RECORDS FOR THE TASK:
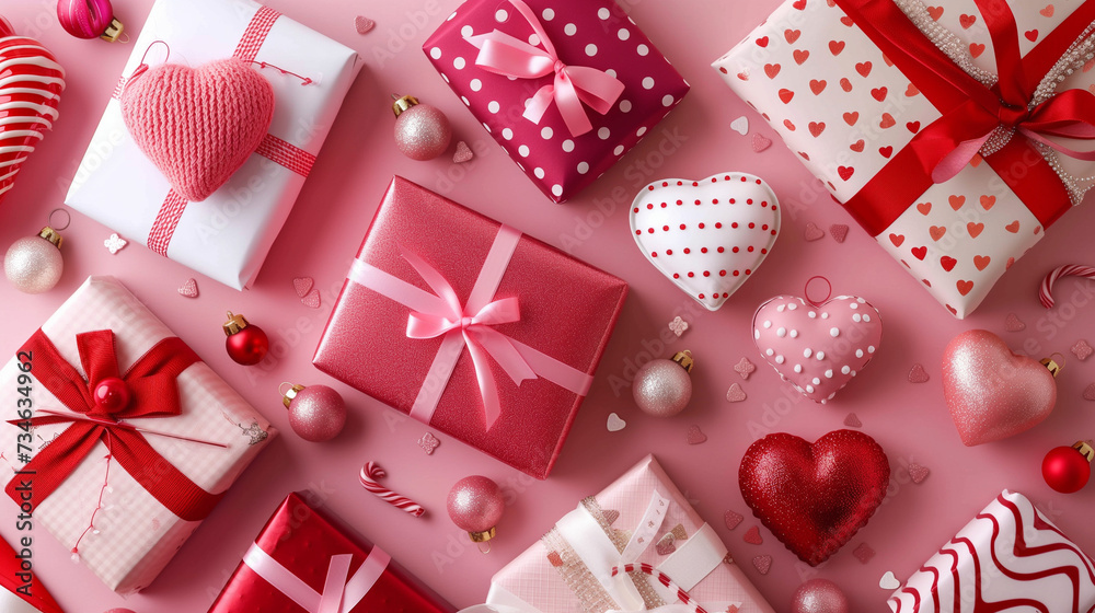 Valentine's Day gifts with red ribbons on a red background, surrounded by hearts and Cupid's arrow decorations
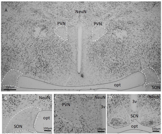 - van Eerdenburg, F.J.; Lugard-Kok, C.M.; Dieleman, S.J.; Bevers, M.M.; Swaab, D.F. Influence of gonadectomy and testosterone supplementation on the postnatal development of the vasopressin and oxytocin-containing nucleus of the pig hypothalamus. Neuroendocrinology 1991, 54, 580–586. [Google Scholar] [CrossRef]
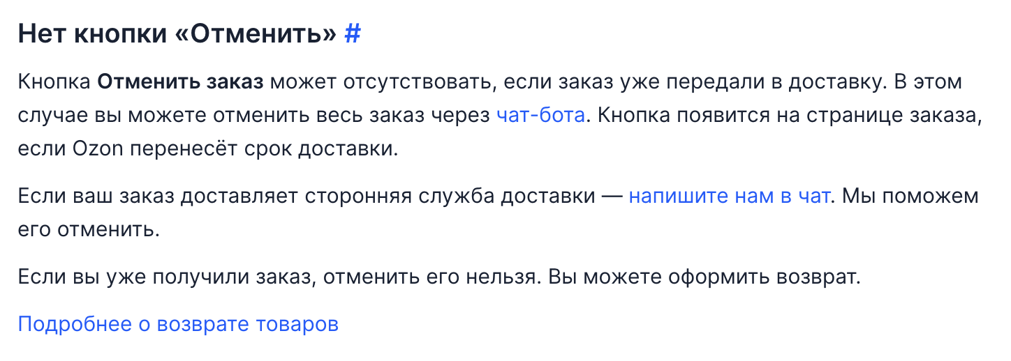 Окей, что ж, пойду в чат-бота, написал ему, но он выдал мне что отменить заказ нельзя
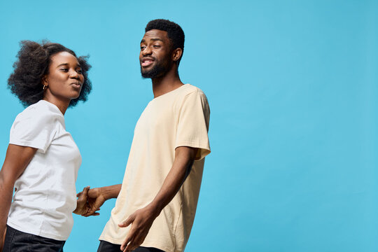 Young diverse couple enjoying a playful moment together against a vibrant blue background, showcasing their casual outfits and joyful expressions
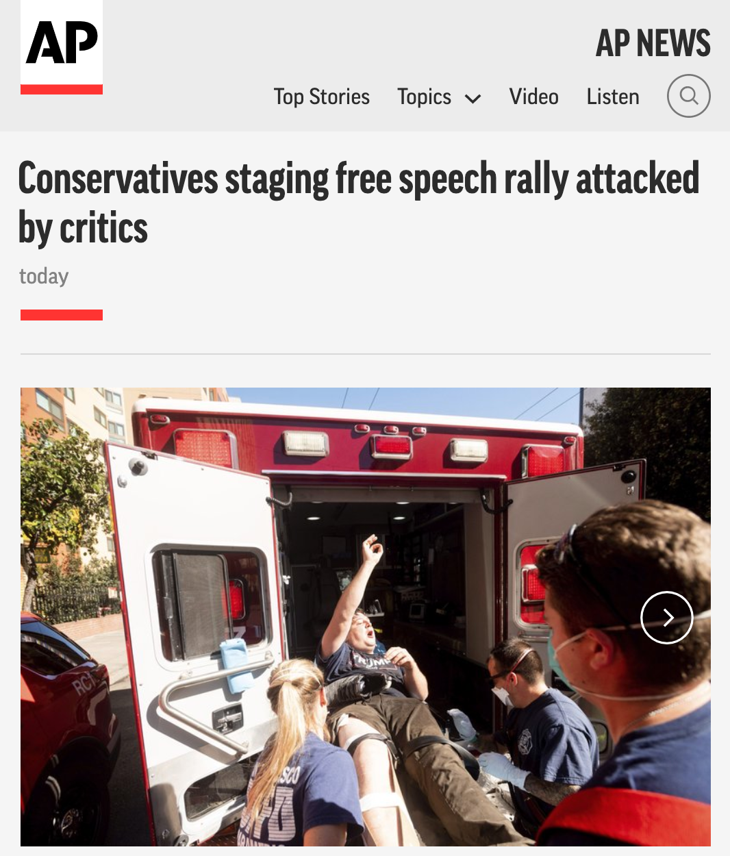 A photographer working for The Associated Press witnessed a Trump supporter being taken away in an ambulance and an injured San Francisco police officer on the ground by San Francisco’s United Nations Plaza.
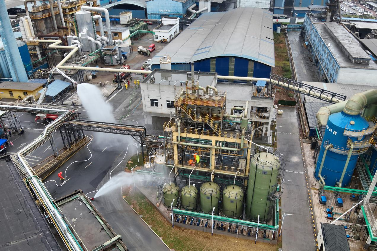9月25日,郴州消防救援支队在湖南白银股份有限公司综合产业园开展化工企业灭火救援熟悉演练。
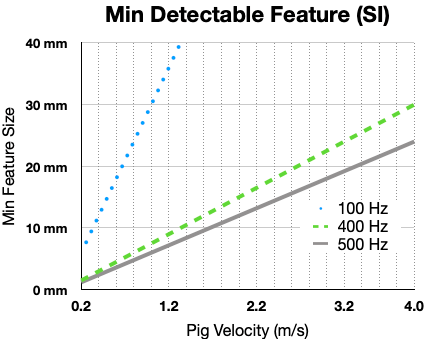 The axial resolution is the smallest feature that the pig can see in the length direction. Sample frequency and pig velocity combine to determine this resolution. This is shown in the graph of Figure 08, where the minimum detectable defect size is plotted against pig velocity for several representative sample rates.
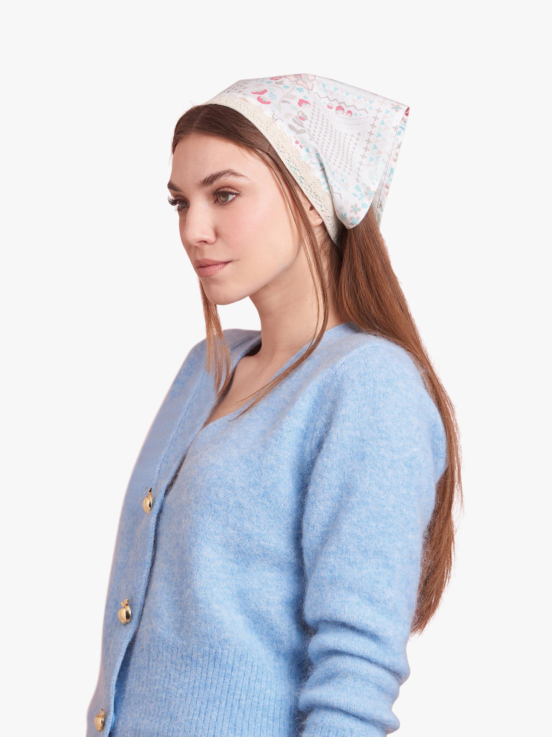 Head scarf and hair tie are elasticated for adjustment. Lined purses with zipper or flap closures with ribbon have assorted handles, straps, and embellishments.

WHAT TO WORK ON:
Begin at the line containing "Окей, что ж, пойду" and restate exactly every line through the end of the material, skipping the pictures.

SOLUTION BELOW:
 Окей, что ж, пойду в чат-бота, написал ему, но он выдал мне что отменить заказ нельзя
 Young diverse couple enjoying a playful moment together against a vibrant blue background, showcasing their casual outfits and joyful expressions
 A photographer working for The Associated Press witnessed a Trump supporter being taken away in an ambulance and an injured San Francisco police officer on the ground by San Francisco’s United Nations Plaza.
9月25日,郴州消防救援支队在湖南白银股份有限公司综合产业园开展化工企业灭火救援熟悉演练。
 The axial resolution is the smallest feature that the pig can see in the length direction. Sample frequency and pig velocity combine to determine this resolution. This is shown in the graph of Figure 08, where the minimum detectable defect size is plotted against pig velocity for several representative sample rates.
 Head scarf and hair tie are elasticated for adjustment. Lined purses with zipper or flap closures with ribbon have assorted handles, straps, and embellishments.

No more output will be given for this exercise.